A valid, final judgment, rendered on the merits, constitutes an absolute bar to a subs action b/w the same parties, or those in privity with them, upon the same claim or demand.
Operates to bind the parties both as to issues actually litigated and determined in the first suit, and as to those grounds or issues that m/h/b, but w/n, actually raised and decided in that action.
First judgment, if valid, final, and on the merits, thus puts an end to the whole cause of action.
- What is the restatement on CP?
- When a valid and final judgment rendered in an action extinguishes a P claim pursuant to the rules of merger and bar, the claim extinguished includes all rights of the P to remedies against the D with respect to all or any part of the transaction, or series of connected transactions, out of which the claim arose.
What factual grouping constitutes a transaction, and what groupings constitute a series, are to be determined pragmatically, giving weight to such considerations as whether the facts are related in time, space, origin, or motivation, whether they form a convenient trial unit, and whether their tx as a unit conforms to the parties expectations or business understanding or usage
- How do counterclaims relate to CP?
- Counterclaims - Rule 13(a) - provides that compulsory counterclaims are lost if not raised at the proper time. But applies only when D has entered a pleading (answer, etc.)
Failure to assert in a pleading a compulsory counterclaim which, at the time of the pleading the pleader has against the opposing party results in the loss of the counterclaim.
A cause of action comprises defenses that were or might h/b raised. If such defenses w/n presented in their entirety in the first action, they are lost.
Bar a counterclaim when its preclusion w/ nullify rights established in the prior action (change the outcome).
- What are the elements of CP?
- 2 cases
Claim h/b actually and fully litigated
Looks only at the facts.
- What constitutes the same claim in CP?
- All or any part of the transaction, or series of connected transactions, out of which the claim arose.
Whether the facts are related in time, space, origin, or motivation
If the subs action involves a different claim that raises issues decided in the prior action, collateral estoppel comes into play.
- What constitute same parties in CP?
- Identical parties or persons in privity with them.
Privity - one whose legal interest was adequately represented in the prior action.
- What constitues a final judgment on the merits in CP?

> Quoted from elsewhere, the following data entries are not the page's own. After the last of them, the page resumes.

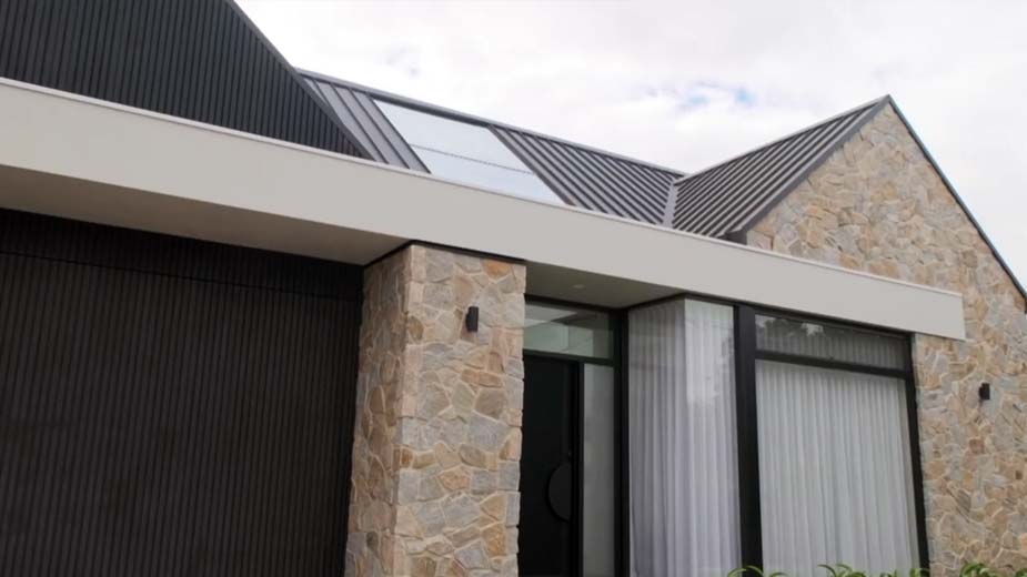 Scott Salisbury Construction built the four-bedroom home, which has a classic exterior featuring charred timber detail and pillars in hand-carved natural stone.
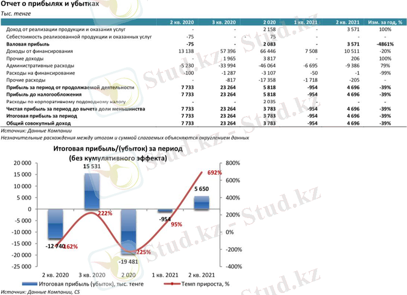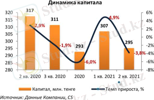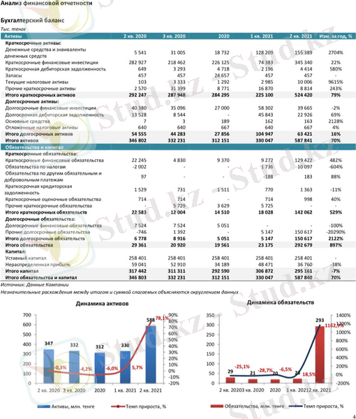 Қорытынды: ▪ 2021 жылғы 30 маусымдағы жағдай бойынша Компанияның активтері қысқа мерзімді активтер мен ұзақ мерзімді активтердің ұлғаюы есебінен 587 841 мың теңгені құрады және бір жыл ішінде 70%-ға өсті. Қысқа мерзімді активтер 79%-ға 524 420 мың теңгеге дейін өсті, оның құрылымында ақша қаражаттары мен олардың баламаларының 28 есеге 155 389 мың теңгеге және қысқа мерзімді қаржылық инвестициялардың 22%-ға 345 340 мың теңгеге дейін айтарлықтай өсуі байқалады. Ұзақ мерзімді активтер негізінен ұзақ мерзімді дебиторлық қарыздың 69%-ға 22 926 мың теңгеге дейін ұлғаюы есебінен 16%-ға 63 421 мың теңгеге дейін өсті. ▪ Қоғамның міндеттемелері 2021 жылғы 30 маусымдағы жағдай бойынша 292 679 мың теңгені құрады және қысқа мерзімді міндеттемелердің 6 есеге 142 062 мың теңгеге дейін және ұзақ мерзімді міндеттемелердің 22 есеге 150 617 мың теңгеге дейін өсуі есебінен бір жыл ішінде 10 есе өсті. . Қысқа мерзімді міндеттемелер негізінен қысқа мерзімді қаржылық міндеттемелердің 6 есеге 129 422 мың теңгеге дейін өсуі нәтижесінде өсті. Ұзақ мерзімді міндеттемелер негізінен 150 617 мың теңге сомасында басқа ұзақ мерзімді міндеттемелерді бекіту есебінен өсті. ▪ Капитал 2021 жылғы 30 маусымдағы жағдай бойынша бөлінбеген пайданың 38%-ға 36 760 млн. теңгеге дейін төмендеуіне байланысты бір жыл ішінде 7%-ға азайып, 295 161 мың теңгені құрады. ▪ Есепті кезеңнің соңында Компания 4 696 мың теңге таза пайданы тіркеді. Таза пайданы бекіту 3 571 мың теңге сомасында жалпы пайданы бекітумен байланысты. Бұл ретте әкімшілік шығыстар 79 пайызға өсіп, 9 386 мың теңгені құрады.
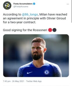 According to the reliable @86_longo via foot accumulator, “Milan have reached an agreement in principle with Olivier Giroud for a two-year contract.”
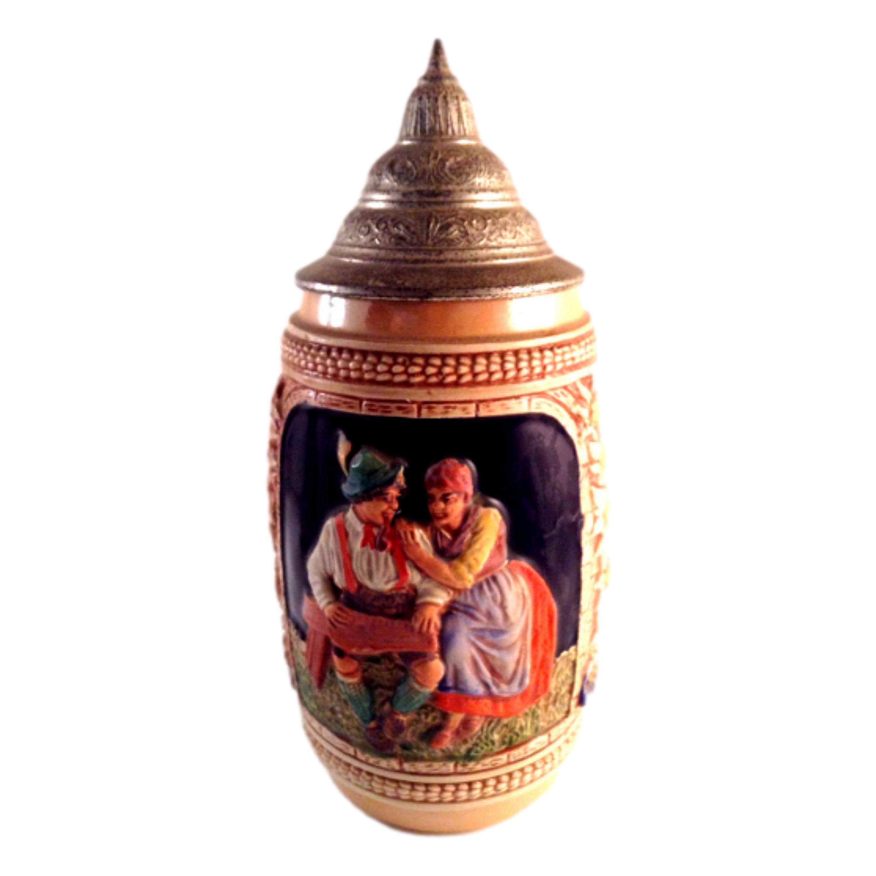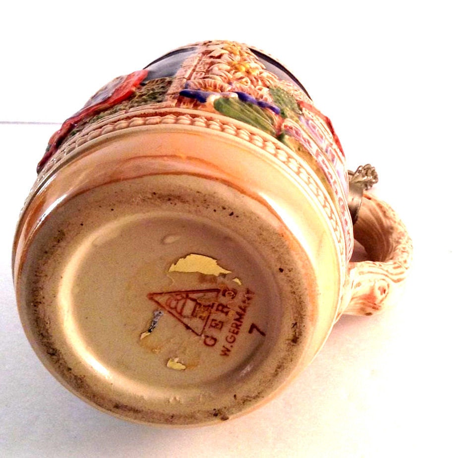 Vintage German Beer Stein: Hand-Painted 3D Gerz Mug
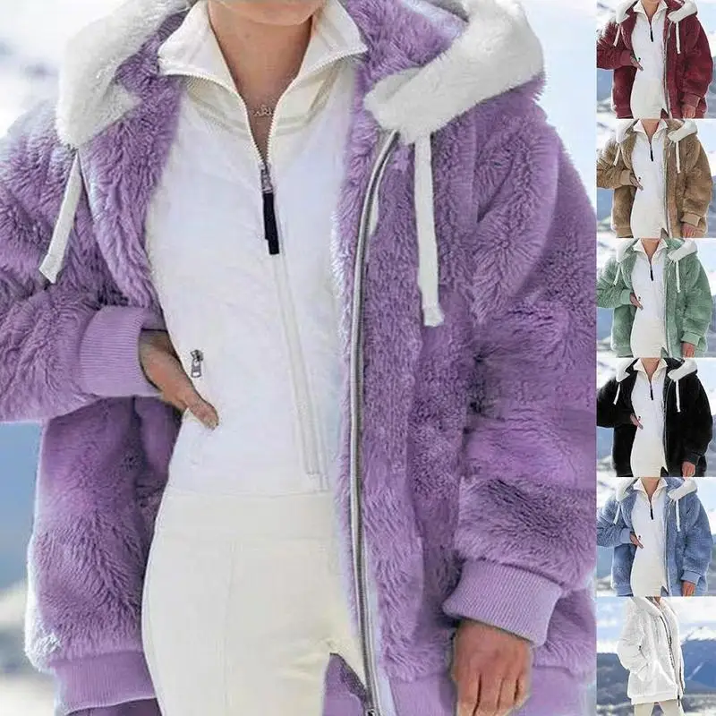Женское пальто из искусственного меха зимний теплый кардиган на молнии верхняя - купить

- Judgment in the prior action m/b:
Valid when rendered - prior ct m/h had SMJ and PJ and used the proper form and manner of notice. If any of these issues concerning the validity of the ct judgment was adjudicated in the prior action, that determination is itself res judicata. Hence, these issues, once litigates, are not subject to collateral attack.
Finality - some judgments are final for res judicata purposes even though they are not final in the ordinary sense. Administrative decisions m/b final for res judicata purposes. Although general rule is that a judgment is final even though an appeal is pending, some ct will postpone their res judicata determinations until the appeal in the prior action is decided and others will vacate their own res judicata determinations pursuant to R.60b5.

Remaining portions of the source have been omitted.